I would really appreciate some advice about how to deal with my older sister. She is 53 (I’m 46) and went through her 2nd divorce 3 years ago, ending a fairly turbulent relationship with a narcissistic man. Since then she has been seeing various men from the Internet and usually sleeping with them. She has also been on a TV dating show where she got drunk. One of her Internet dates was a man who has had previous convictions for stalking. He writes a blog and in it he has talked about my sister and given lots of details about their sex life. My sister has broken off with him numerous times but always ends up getting back with him. I believe she enjoys the drama of it. She has now told me she is going to pursue a relationship with him even though she doesn’t like him. All her 3 children think he is a total creep. He has told her he thinks her youngest son (13) is a despicable human being. I am worn out with the emotion of it all. We have always been very close and I am finding it hard to work out how I can continue a relationship with her when she is seeing this awful man. I can’t support the relationship, but I don’t want to lose my sister.
If you have to choose it will be a losing battle. Your sibling is technically a mature adult but she seems far keener on dancing with her demons than destroying them. She’s not alone; as we get older plenty of us find it so much easier to live with the devil we know. Contrary to popular assumptions that tends not to be our partner but ourselves! Further entrenching our dysfunctional tendencies rather than trying to evolve beyond them is the easy option and it’s a route we naturally lean toward. Grumpy old men and women have become a stereotype because so many of us allow the accruing of experience to lower our tolerance rather than open our eyes. Indulging your worst instincts is like slipping into old shoes; they may lack support and accentuate bad habits but they feel so right!
Your sister is on a romantic path that will bring her only woe but it’s what comes naturally. She seems to have a serious problem with her sense of her own value. Exposing herself through her lover’s blog and humiliating herself in public are not signs of a healthy state of mind. She seems to have a problem with self-value. I fear that telling her that she is making mistakes might be more destructive than constructive as she lacks the self-awareness right now to see a bigger picture.
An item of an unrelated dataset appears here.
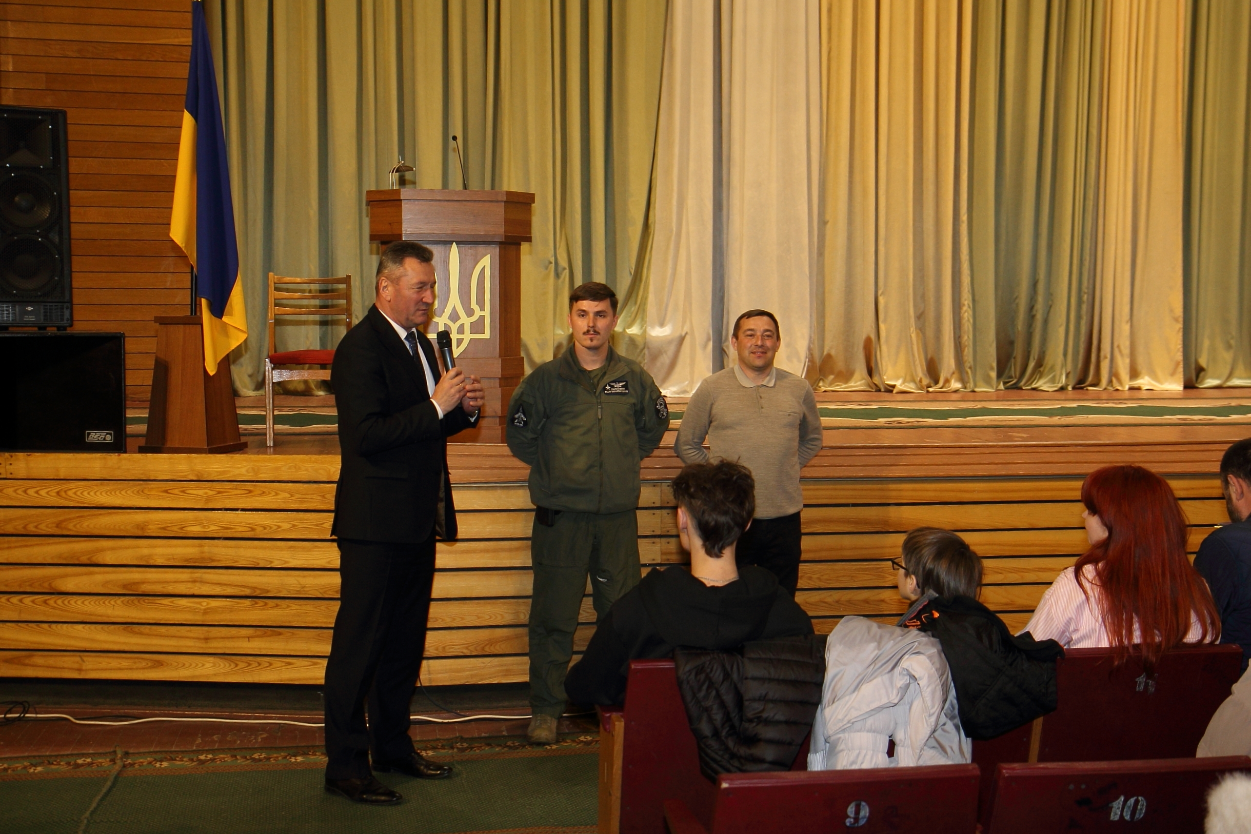 Vadym Voroshylov shared his service experience, spoke about the realities of air battles and the importance of professional training for military pilots. “I want to tell you, especially first-year students: you are the future of Ukraine. It is you who will rebuild and lead our country. Everyone in their place must do everything possible so that our children live in a free and prosperous Ukraine,” Vadym Voroshylov emphasized. Everyone could express sincere gratitude to the Hero for his service, courage, and the opportunity to share his experience.
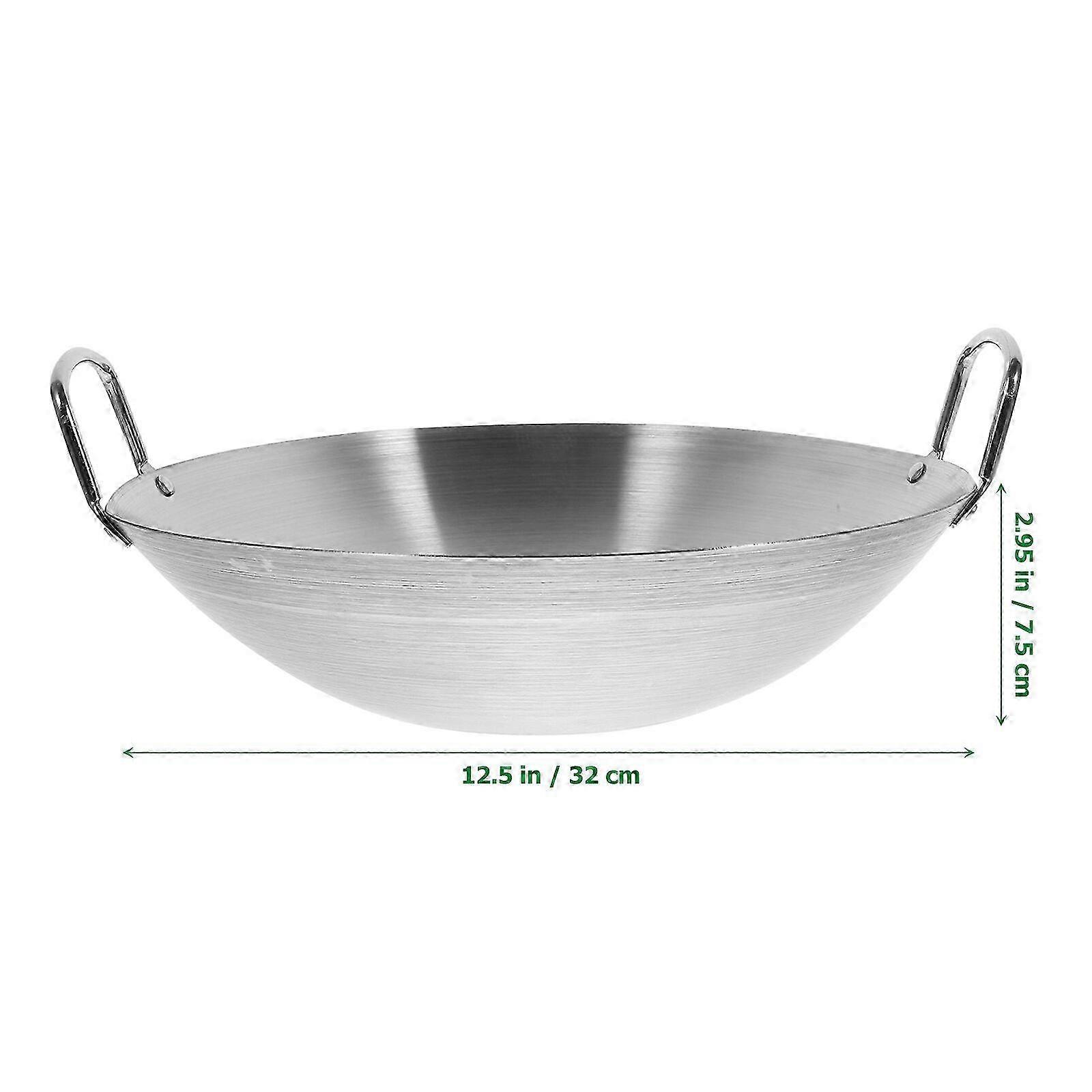 DescriptionThis wok is made of high-class stainless steel, which is durable and can be used for a long time. Has good heat resistance. Stainless design, easy to clean. With double handle, easy to use, not hot. This is a very convenient and economical household cookware.Features-Material: stainless steel-Size:32.00X27.50X7.50cm/12.58X10.81X2.95in-This stir-frying pan is made of premium material, you can keep it for a long term. -The round bottom pan is adapted to gas stove, which is convenient and practical.-Great for making BBQ, fried potatoes, scrambled eggs, hash brown, etc.-Our wok uses a special process, more convenient to clean, save time, let you fall in love with cooking.-Heats evenly and retains heat well, making it for keeping foods warmer longer.Packing list1 x wok Note: Due to the light and screen setting difference, the item's color may be slightly different from the pictures. Please allow slight dimension difference due to different manual measurement.

A good reason for refraining from further judgment but hovering in the background is to keep an eye on your nephew. Pursuing a relationship with a man who appears to have little regard for her privacy or her children’s wellbeing suggests she’s capable of being truly reckless.
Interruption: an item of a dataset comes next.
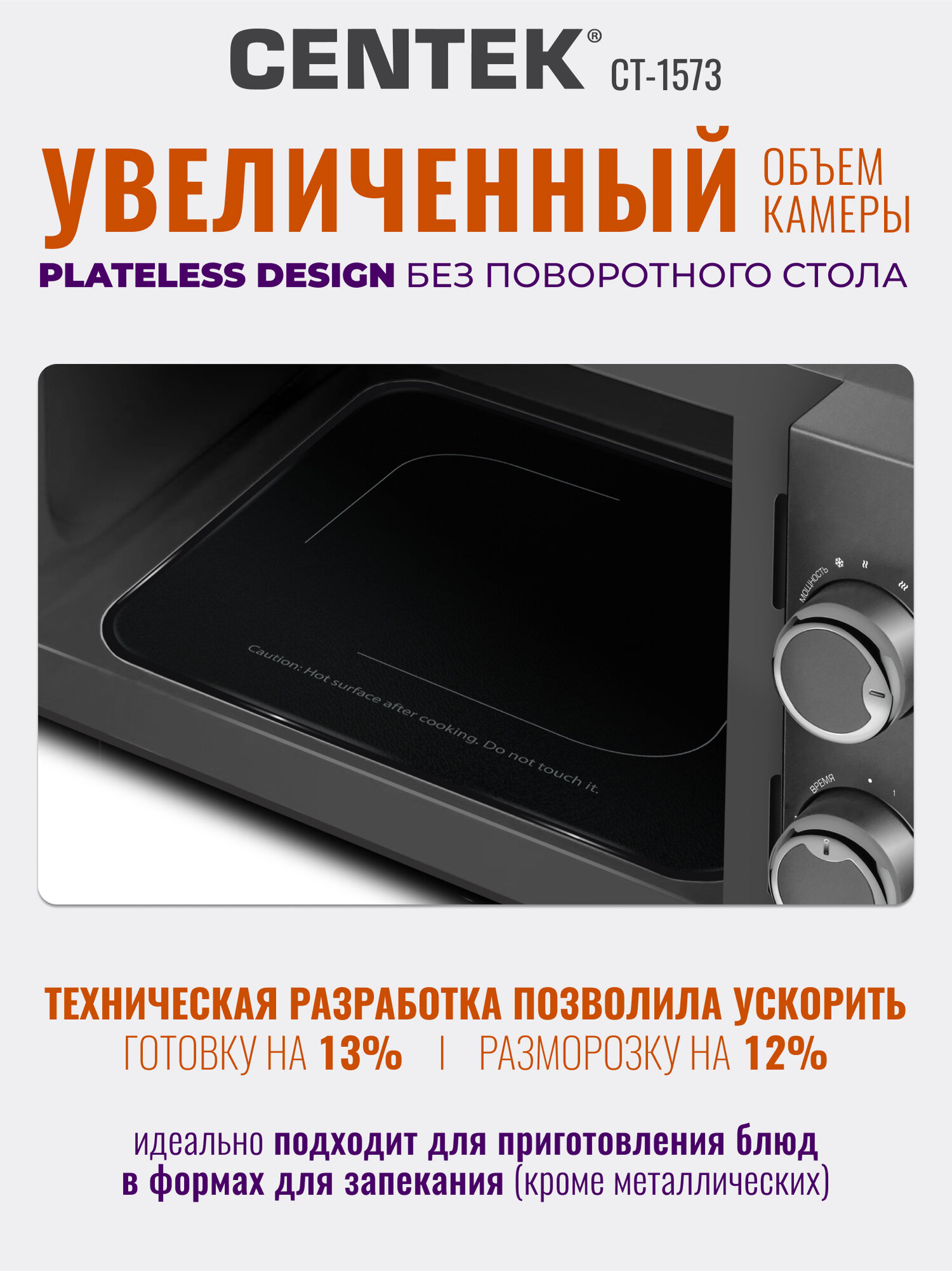 Микроволновая печь CENTEK CT-1573: без поворотного стола, 20л, легкая очистка, серый графит, микроволновка СВЧ интересное:
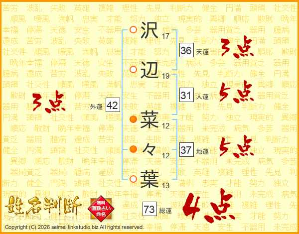 沢(17画)辺(19画) 菜(12画)々(12画)葉(13画)

You are a few years younger than your sister and won’t yet know how profoundly reaching the fifty mark can impact on a woman’s mental health and sense of self-worth. I would definitely advise a trip to a sympathetic GP as there might well be medication that can help build her confidence about herself. There’s a vast ocean of negativity around mature womanhood but many negative traits stem from physical causes that can be attributed to turbulent hormones rather than wilful bad behaviour. You suggest this particular stream of irresponsible indulgence is a recent thing and I suspect a health check might prove more productive than trying to analyse her behaviour. So much is being discovered about the impact of hormone loss at this transformative time and many women fail to get the help they need or are embarrassed to ask.
All that notwithstanding, having just emerged from “the season to be jolly” I bet there’s plenty of readers out there who are sick to death of family members. Your sister does sound like she’s failed to mature into adult relationships and is behaving pretty irresponsibly as a parent. Wasting your time on narcissistic, attention seeking, unreliable and untrustworthy men is bad enough in your twenties when you have time on your side and naiveté to excuse you. Three decades on and two divorces down the line she really needs to wake up to the futility of the endlessly repeated mistake.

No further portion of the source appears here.